Expert: Paul Klarreich - 8/30/2010

Question
Hi there were studying volumes of pyramids and while practice solving this one i couldnt get. Any help would be awesome thanks, the problem goes like this

what fraction of the volume of a pyramid must be cut off by a plane parallel to the base if the pyramid thus form has a lateral area equal to one-half of the lateral area of the original pyramid?
answer in the book says .35355 just as a guide

Answer
Questioner:   Francis
Category:  Calculus
Private:  no
 
Subject:  pyramids
Question:  Hi there were studying volumes of pyramids and while practice solving this one i couldnt get.

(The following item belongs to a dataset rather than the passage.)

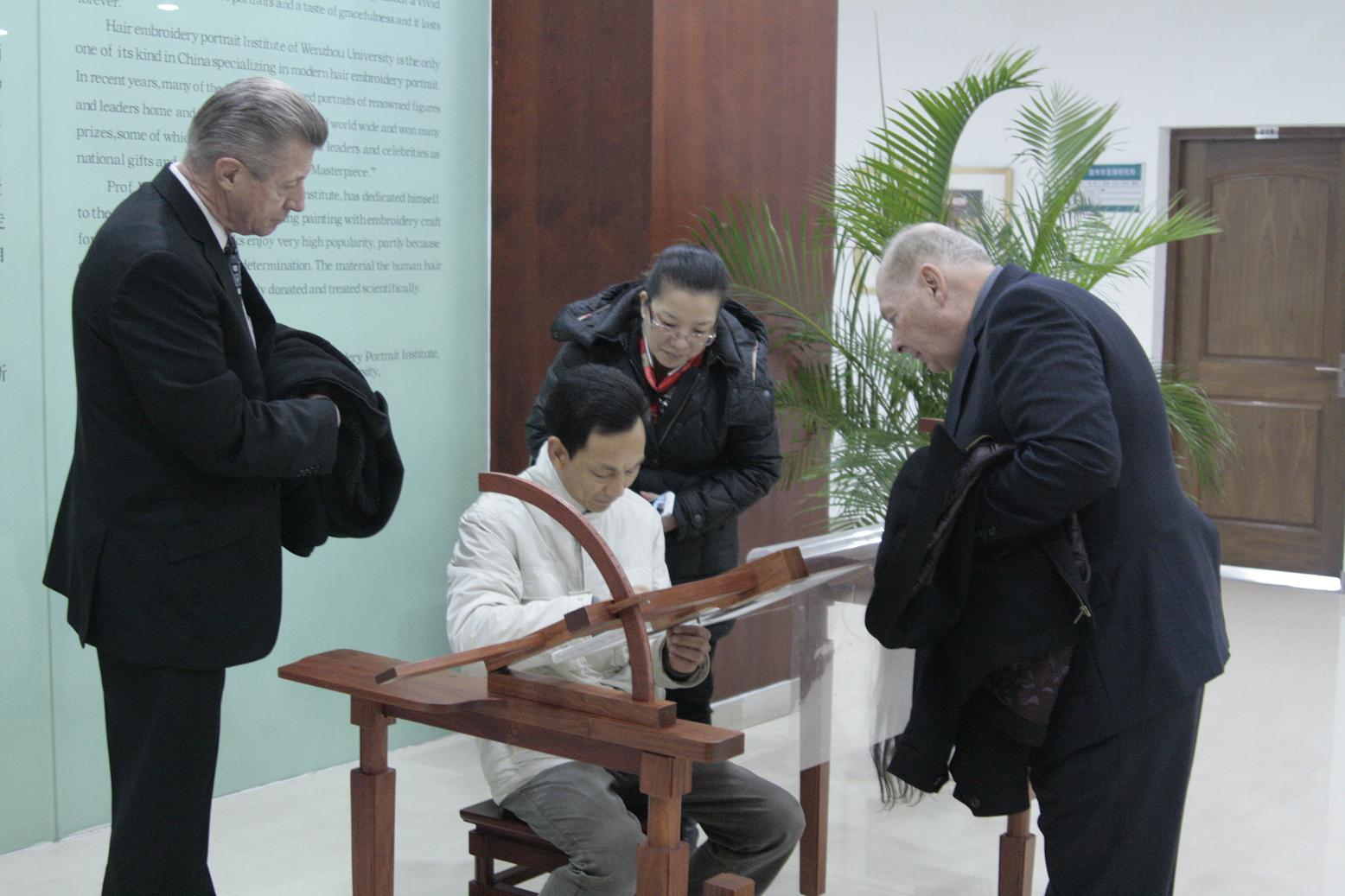 ,参观了学校校史馆、发绣馆、国际合作学院和机电学院实验室,并向在校师生展现了飞行的魅力。

Any help would be awesome thanks, the problem goes like this what fraction of the volume of a pyramid must be cut off by a plane parallel to the base if the pyramid thus form has a lateral area equal to one-half of the lateral area of the original pyramid? answer in the book says .35355 just as a guide

Assume:

1. the pyramid has four sides.
2. the base is a square of side = s.
3. the height  = h.

Then the lateral area is four times each triangle.

Each triangle = 1/2 sh

LA = 4 * that = 2 sh


The volume = 1/3 base * height.

The base is the square s^2.

V = 1/3 s^2 h

...................
Now we cut it at a point that is some fraction, x, of the whole height.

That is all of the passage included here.